**TASK DETAILS**
If a record below holds a picture, drop the picture and restate everything else word for word.

**THE DATA**
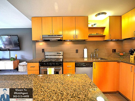 Lakefront Living in the Heart of Lake Oswego. Fabulous views! Great room layout with wall of windows. Lake views from kitchen and living areas. Stylishly renovated, granite counters, tile floors, custom blinds. Relax on your own private deck while watching the sunset. Ideal location near shopping, restaurants, movies, brew pub, George Rogers Park, dog park, golf course, theater, farmers market, you name it! Summer fun on Lake Oswego!
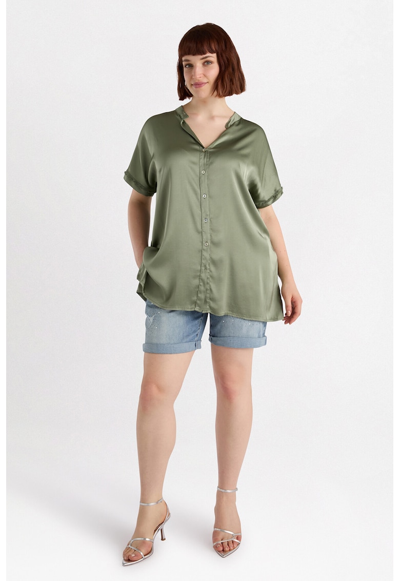 Caracteristici Culoare: albastru pastel Imprimeu: uni Croiala: curvy Material: denim Talie: inalta Lungime: scurti Buzunare: pe partea din fata si pe partea din spate Detalii: acest produs se adreseaza femeilor cu forme pline (plus size). Compozitie Exterior: 76% bumbac
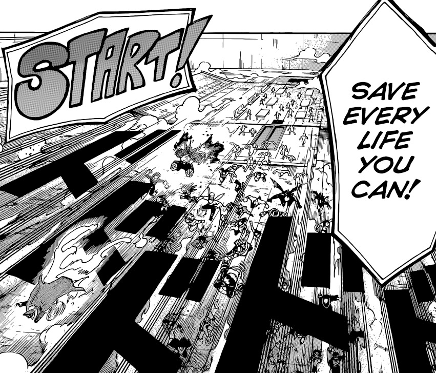 Le round 2 peut commencer (`0´)/ Objectif : Analyser l’environnement d’un quartier venant de subir une attaque terroriste et mettre en place une stratégie optimale en vue de secourir un maximum de citoyens (-‸ლ) Voilà un domaine pour lequel la Seconde A n’est pas encore au point -_-‘ Contrairement aux situations de combat qui, soyons francs, ont trusté la centaine de chapitres jusqu’alors xD Avec quelques variations (encore heureux) ! Mais comment vont se débrouiller Deku et co face à des victimes en danger de mort ? Comment donner la priorité à telle ou telle personne ? Que leur dire pour qu’elles ne paniquent plus ? Que faire lorsque la situation devient critique à un point tel qu’il n’y a rien plus à faire ? Voilà toutes sortes de scénarios avec lesquelles nos héros vont devoir composer !
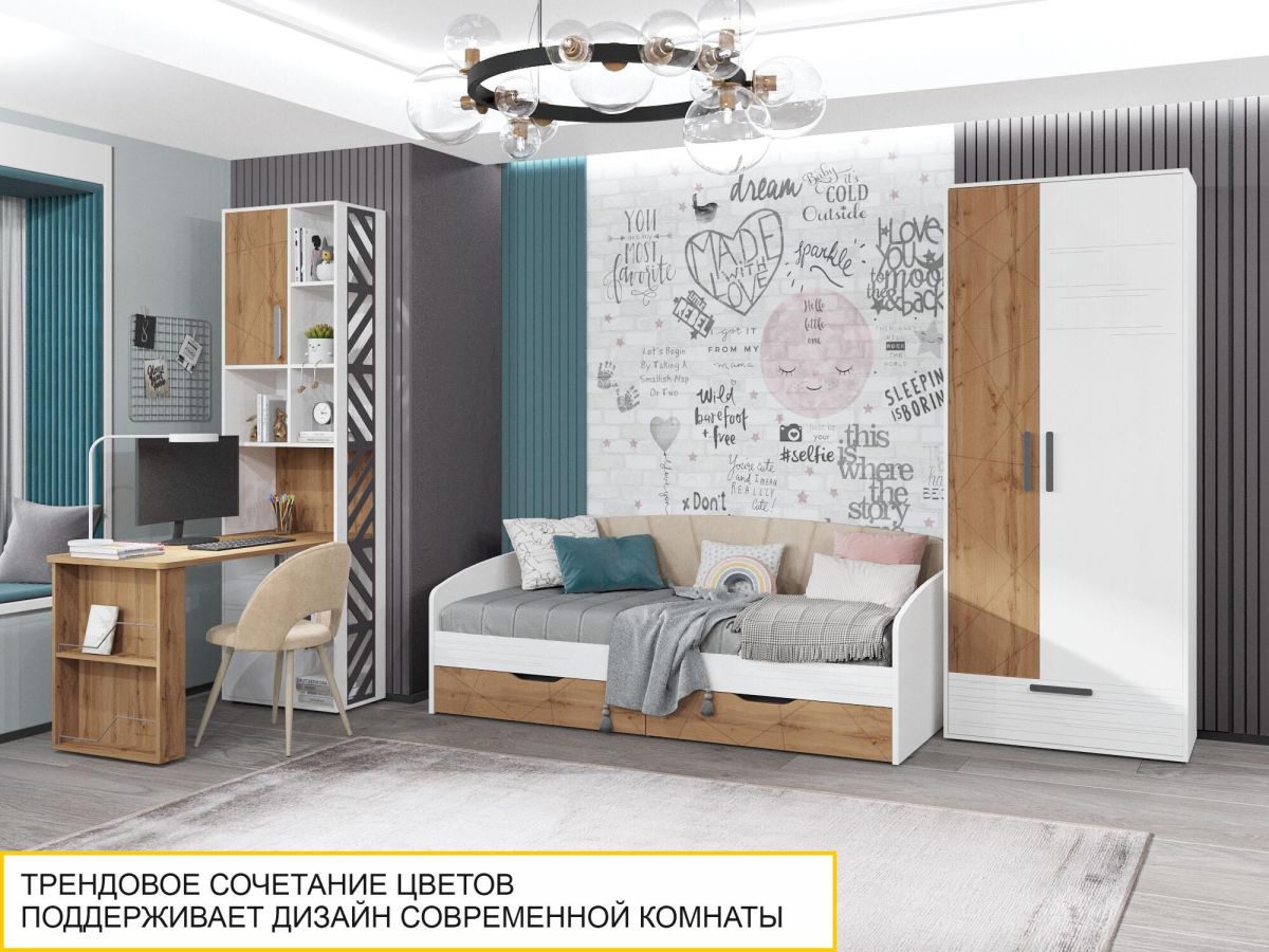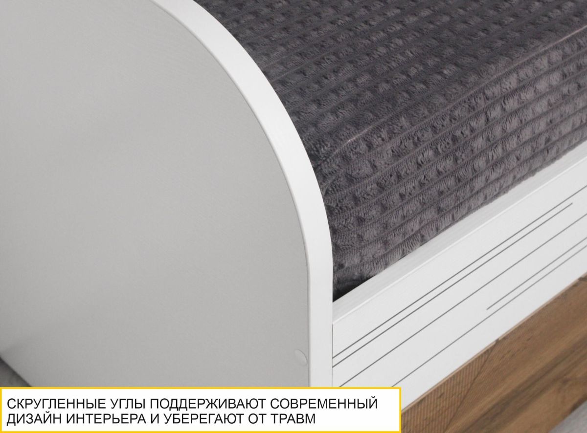 Кровать «Аляска 503.11» является частью модульной программы «Аляска 503». Коллекция подростковой «Аляска 503» - это современное и функциональное пространство для жизни и учебы. Сочетание белоснежного цвета с теплым оттенком натурального дерева создает стильный образ коллекции, а универсальный дизайн отлично подойдет как юношам и девушкам, так и детям дошкольного возраста.
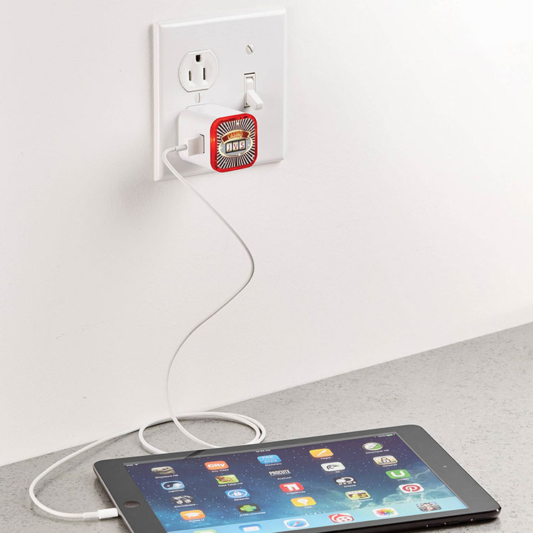 With foldable pins, it fits conveniently in its little tuck-in box, and will be ready to charge your device through the USB port.

**WRITTEN RESPONSE**
 Lakefront Living in the Heart of Lake Oswego. Fabulous views! Great room layout with wall of windows. Lake views from kitchen and living areas. Stylishly renovated, granite counters, tile floors, custom blinds. Relax on your own private deck while watching the sunset. Ideal location near shopping, restaurants, movies, brew pub, George Rogers Park, dog park, golf course, theater, farmers market, you name it! Summer fun on Lake Oswego!
 Caracteristici Culoare: albastru pastel Imprimeu: uni Croiala: curvy Material: denim Talie: inalta Lungime: scurti Buzunare: pe partea din fata si pe partea din spate Detalii: acest produs se adreseaza femeilor cu forme pline (plus size). Compozitie Exterior: 76% bumbac
 Le round 2 peut commencer (`0´)/ Objectif : Analyser l’environnement d’un quartier venant de subir une attaque terroriste et mettre en place une stratégie optimale en vue de secourir un maximum de citoyens (-‸ლ) Voilà un domaine pour lequel la Seconde A n’est pas encore au point -_-‘ Contrairement aux situations de combat qui, soyons francs, ont trusté la centaine de chapitres jusqu’alors xD Avec quelques variations (encore heureux) ! Mais comment vont se débrouiller Deku et co face à des victimes en danger de mort ? Comment donner la priorité à telle ou telle personne ? Que leur dire pour qu’elles ne paniquent plus ? Que faire lorsque la situation devient critique à un point tel qu’il n’y a rien plus à faire ? Voilà toutes sortes de scénarios avec lesquelles nos héros vont devoir composer !
 Кровать «Аляска 503.11» является частью модульной программы «Аляска 503». Коллекция подростковой «Аляска 503» - это современное и функциональное пространство для жизни и учебы. Сочетание белоснежного цвета с теплым оттенком натурального дерева создает стильный образ коллекции, а универсальный дизайн отлично подойдет как юношам и девушкам, так и детям дошкольного возраста.
 With foldable pins, it fits conveniently in its little tuck-in box, and will be ready to charge your device through the USB port.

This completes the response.